GSW’s artistic experimentation feeds directly into teaching which happens in NYC and Dutchess County public schools, community settings and museums all over the world, at Festivals, in Universities, and in youth prison facilities.

GSW’s practice is grounded in the ethic of gathering – and sharing – skills, content, resources with each other, with our associates, with the communities we work with. It is a fully-embraced process – research-based, community-based, critical, with a full appreciation for the craft of puppetry and a sense of adventure in discovering its many developments across different traditions.

Mentoring younger artists is one of GSW’s core functions. We share physical space, tools and materials, as well as our history of investigating popular theater techniques, and our commitment to engaged content in our shows. We write about theater history and theory, teach in formal (classroom) and informal (workshop) settings, and consider the intersections of performance, social justice work and public space, believing that being part of a theater community can be a model for participating in democracy.

Toy Theater Workshops

In its Toy Theater Workshops, Great Small Works invites participants to create their own toy theater productions. The company has worked with kids, graduate students, artists, teachers, performers, and activists to teach the form and to make it accessible to a wide variety of practitioners. Workshops have taken place at Casteliers Festival in Montreal, the Museo de Culturas Populares in Coyoacan, Mexico City, and the National Theater Workshop for the Handicapped in Belfast, Maine. Tianan, Taiwan, Ko Festival in Amherst, MA (2019), Puppeteers of America’s bi-annual national festivals (2017 and 2019).

Great Small Works “Every Girl Loves Her Bag Productions” Puppetry workshop Riker’s Island, Rose M. Singer High School (2009)
Great Small Works “Milk Not Jails” / Tychist Baker (2020)

Puppetry Workshops In Jails and Detention Facilities

Great Small Works has been facilitating puppetry workshops in jails and youth detention facilities including Riker’s Island since the 1990’s. They work in close collaboration with formerly incarcerated artists and abolitionist organizations including Milk Not Jails, Release Aging People in Prison, The Justice Committee, Life Up/ Guns Down, and Carol Prud’homme Davis’s new organization, Inside Change.

GSW believes that an appropriate curriculum for these students and communities can only come from people who know the experience of incarceration intimately. Each teaching team forms a creative think tank. They combine the best of traditional puppet and visual theater techniques with the wisdom of people who have survived the carceral state, and want to support younger community members with their knowledge. The artistic approach holds the intense stress of the prison situation, but defends the rights of young people to play. Team members merge the powers of critical thought, artistry and belief in transformation to set the stage for this work. The students add the final spark of creative genius. Great joy is experienced by all when these bodies of knowledge come together.

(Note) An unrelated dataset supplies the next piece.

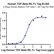 Immobilized Human Mature TGF beta 1 at 0.5ug/ml (100ul/Well) on the plate. Dose response curve for Human TGF-beta RII, hFc Tag with the EC50 of 23.2ng/ml determined by ELISA. See testing image for detail.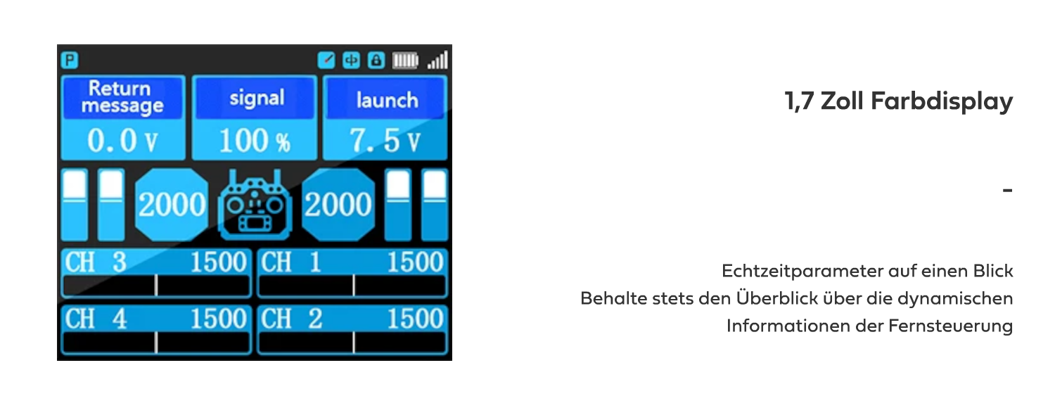 Das 1,7-Zoll-Farbdisplay sorgt für eine klare und intuitive Bedienung. Alle wichtigen Parameter wie Signalstärke, Akkuspannung und Modellinformationen sind jederzeit im Blick. Die integrierte Feedback-Funktion überträgt in Echtzeit die Spannung des Empfängers, während die Alarmfunktion bei niedriger Spannung rechtzeitig warnt – ein Plus an Sicherheit für RC-Modelle.

GSW youth projects invite students to build their voices, and try on new attributes. Formerly incarcerated team members are credible messengers for problem solving techniques shared with youth, and families impacted by violence. Inside Change/GSW collaborations have included work with incarcerated youth at Horizons Detention Center in the South Bronx, and in public schools in Queens, Brooklyn and the Bronx.